Die Fürstin, die mir freundlich und gewogen,
Wird sich, wenn ich verewigt, weitertasten
In Nebel, wo verfalbt der Regenbogen
Und die Lemuren nimmer ruhn noch rasten.
Ich kann den Ausgang dieses Stücks nicht künden,
Und sterb im Zweifel, wie so viele Ahnen,
In welches Meer die großen Ströme münden,
Das spricht sich nur im Leiden und im Wahnen.

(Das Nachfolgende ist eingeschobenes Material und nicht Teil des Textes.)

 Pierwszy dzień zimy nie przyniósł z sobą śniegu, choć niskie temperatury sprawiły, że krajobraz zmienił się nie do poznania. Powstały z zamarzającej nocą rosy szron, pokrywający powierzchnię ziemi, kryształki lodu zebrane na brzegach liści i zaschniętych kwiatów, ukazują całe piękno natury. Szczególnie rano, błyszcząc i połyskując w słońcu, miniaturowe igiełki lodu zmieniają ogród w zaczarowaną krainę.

Vielleicht, daß meines Bruders Aug gebrochen,
Vom Licht, das ihm der Große Mittag spendet,
Doch vorher hat der Philosoph gerochen,
Wie ein Jahrtausend modert und verendet.
Ich hab zu mancher Deutung mich verstiegen,
Doch dies geschah nur wider das Vergessen,
Es mögen keine Sicherheiten liegen
Im Wehn der Zeit, die wir zu kurz vermessen,
Ich bin ein Weib, das nicht zu Adlerflügen
Geboren und zum adlerhaften Spähen,
Doch spürt mein Herzschlag mit den Vogelzügen,
Daß treu dem Wandrer sind allein die Krähen.

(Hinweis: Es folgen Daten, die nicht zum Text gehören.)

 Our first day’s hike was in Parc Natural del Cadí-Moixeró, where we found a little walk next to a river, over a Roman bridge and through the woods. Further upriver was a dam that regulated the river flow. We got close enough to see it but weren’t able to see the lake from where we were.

Doch glaub ich an das zähe Nichtverraten
Ererbten Glaubens und ich steh wie Luther,
Wenn Totengräber schwingen schon den Spaten,
Und um Kanonen wird getauscht die Butter.
So schaut ein Herz, das zwischen Sorg und Pflichten
In Schmäh und Jammer strauchelt nicht im Glauben,
Denn jene, die den Lebensquell vernichten,
Vermögen nicht, die Seligkeit zu rauben.